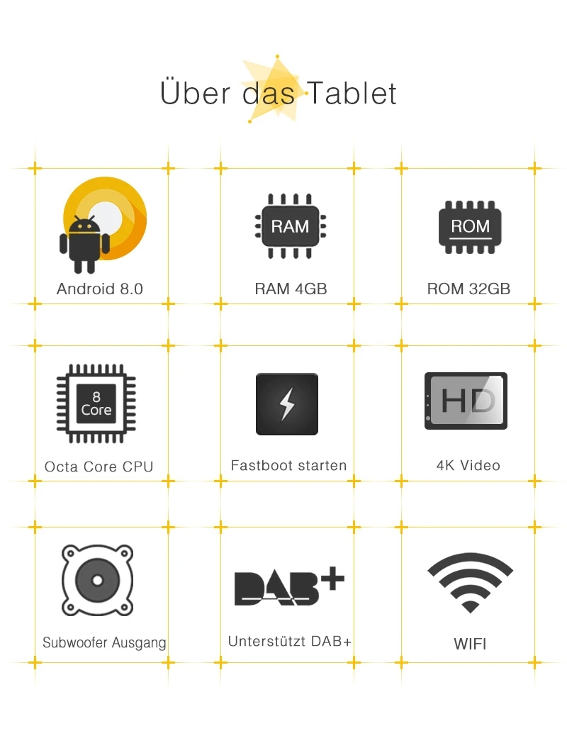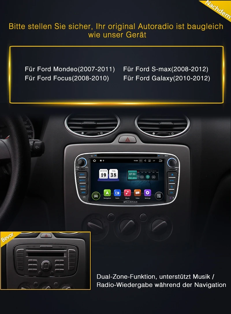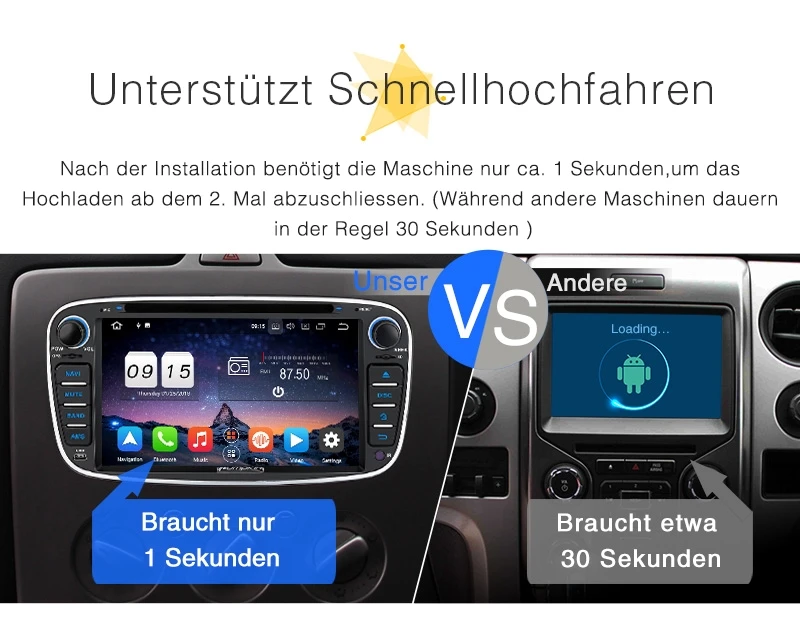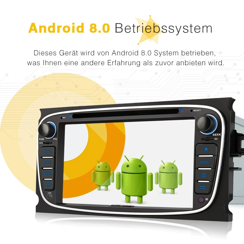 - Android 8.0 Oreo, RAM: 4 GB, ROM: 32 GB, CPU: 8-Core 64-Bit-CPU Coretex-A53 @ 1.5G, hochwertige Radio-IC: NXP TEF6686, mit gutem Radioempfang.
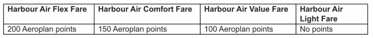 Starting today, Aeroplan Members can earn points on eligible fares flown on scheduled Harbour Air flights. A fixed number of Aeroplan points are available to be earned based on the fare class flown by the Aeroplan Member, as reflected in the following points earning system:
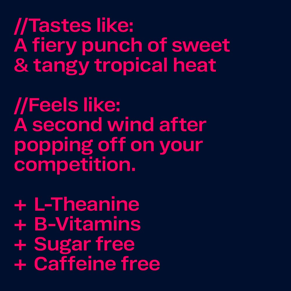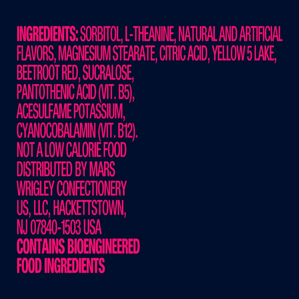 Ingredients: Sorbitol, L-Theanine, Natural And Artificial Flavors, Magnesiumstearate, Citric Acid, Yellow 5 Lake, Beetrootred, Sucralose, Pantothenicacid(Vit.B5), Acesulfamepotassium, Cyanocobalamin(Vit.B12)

══════════

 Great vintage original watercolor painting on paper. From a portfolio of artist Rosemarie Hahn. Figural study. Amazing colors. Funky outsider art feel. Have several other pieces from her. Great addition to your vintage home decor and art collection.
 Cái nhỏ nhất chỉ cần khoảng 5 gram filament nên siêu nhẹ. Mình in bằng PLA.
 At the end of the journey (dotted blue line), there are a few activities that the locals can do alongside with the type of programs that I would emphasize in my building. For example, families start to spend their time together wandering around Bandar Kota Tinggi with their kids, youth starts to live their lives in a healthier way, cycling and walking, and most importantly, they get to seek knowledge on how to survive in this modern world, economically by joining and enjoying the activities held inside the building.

══════════

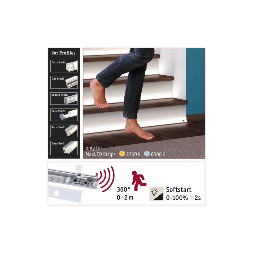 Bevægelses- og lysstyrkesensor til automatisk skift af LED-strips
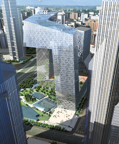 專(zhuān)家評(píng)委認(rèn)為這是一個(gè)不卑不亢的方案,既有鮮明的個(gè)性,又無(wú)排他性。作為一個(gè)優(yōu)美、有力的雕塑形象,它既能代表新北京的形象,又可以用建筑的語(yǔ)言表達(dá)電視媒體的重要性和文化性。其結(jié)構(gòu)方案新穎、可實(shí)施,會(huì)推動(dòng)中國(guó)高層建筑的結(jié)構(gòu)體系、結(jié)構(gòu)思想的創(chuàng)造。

══════════

§ **YOUR OBJECTIVE**:
With the pictures omitted, copy the entries above exactly from the line containing "Bevægelses- og lysstyrkesensor" through the line containing "專(zhuān)家評(pín", both lines included.

§ **SOLUTION TO THE EXERCISE**:
 Bevægelses- og lysstyrkesensor til automatisk skift af LED-strips
 專(zhuān)家評(píng)委認(rèn)為這是一個(gè)不卑不亢的方案,既有鮮明的個(gè)性,又無(wú)排他性。作為一個(gè)優(yōu)美、有力的雕塑形象,它既能代表新北京的形象,又可以用建筑的語(yǔ)言表達(dá)電視媒體的重要性和文化性。其結(jié)構(gòu)方案新穎、可實(shí)施,會(huì)推動(dòng)中國(guó)高層建筑的結(jié)構(gòu)體系、結(jié)構(gòu)思想的創(chuàng)造。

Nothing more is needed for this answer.